I think not but I am not sure if my reasoning below is correct. I would like to get some feedback about it, or even better, a suggestion for an easier approach.
My proof:
If $f$ were Sobolev, then its weak partial derivatives would have to be $\frac{\partial{f}}{\partial{x}}=0,\frac{\partial{f}}{\partial{y}}=\text{sign}(x)$.
Thus, for any smooth test function $\phi \in C_C^{\infty}((-1,1)^2)$,
$$0= \int_{(-1,1)^2} \frac{\partial{\phi}}{\partial{x}} f=\int_{(-1,1)^2 \cap \{x>0 \}} \frac{\partial{\phi}}{\partial{x}} y-\int_{(-1,1)^2 \cap \{x<0 \}} \frac{\partial{\phi}}{\partial{x}} y=$$
$$ \int_{(0,1) \times (-1,1)} \frac{\partial{\phi}}{\partial{x}} y-\int_{(-1,0) \times (-1,1)} \frac{\partial{\phi}}{\partial{x}} y=$$
$$ \int_{ \partial {\big((0,1) \times (-1,1)}\big)} \phi y\nu_1-\int_{ \partial {\big((-1,0) \times (-1,1)}\big)} \phi y \tilde \nu_1,$$
where $\nu=(\nu_1,\nu_2),\tilde \nu=(\tilde \nu_1,\tilde \nu_2)$ are the outward unit normal vector fields on the domains $U=(0,1) \times (-1,1),\tilde U=(-1,0) \times (-1,1)$ respectively.

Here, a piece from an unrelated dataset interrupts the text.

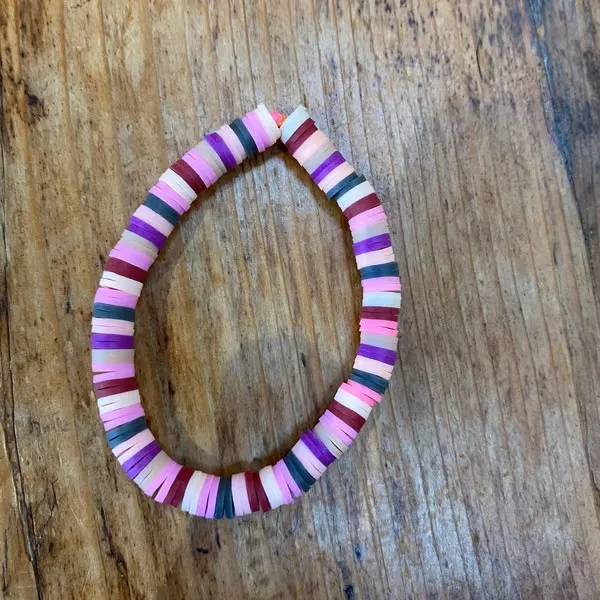 This is a handmade bracelet with multicoloured beads threaded on elastic.

Looking at the domains, we see that on the common boundary $\{0\} \times (-1,1)$, we have $\nu=(-1,0),\tilde \nu=(1,0)$. Since the on the rest of the boundaries, $\phi=0$, we obtain
$$ 0=-\int_{ \{0\} \times (-1,1)} \phi y-\int_{ \{0\} \times (-1,1)} \phi y =-2 \int_{ \{0\} \times (-1,1)} \phi(0,y) y dy$$
which doesn't seem to be zero for an arbitrary compactly supported smooth function $\phi$.
Motivation: I am trying to find a Sobolev map $\mathbb{R}^2 \to \mathbb{R}^2$ whose differential zig-zags between a fixed invertible matrix and its negative. If the above $f$ were Sobolev, then $f(x,y)=(|x|,y \text{sign}(x))$ would be an example.
Here is an alternative argument:
Since the restriction of a variable in a Sobolev function is a.e Sobolev, if $f(x,y)=y \cdot \text{sign}(x)$ were Sobolev, then so was the function $x \to \text{sign}(x)$, which is not the case.
One way to see that $\text{sign}(x)$ is not Sobolev is that if it were, then its weak derivative should be identically zero, hence it must be constant. (Alternatively, it is not continuous, and any Sobolev function in one dimension is absolutely continuous).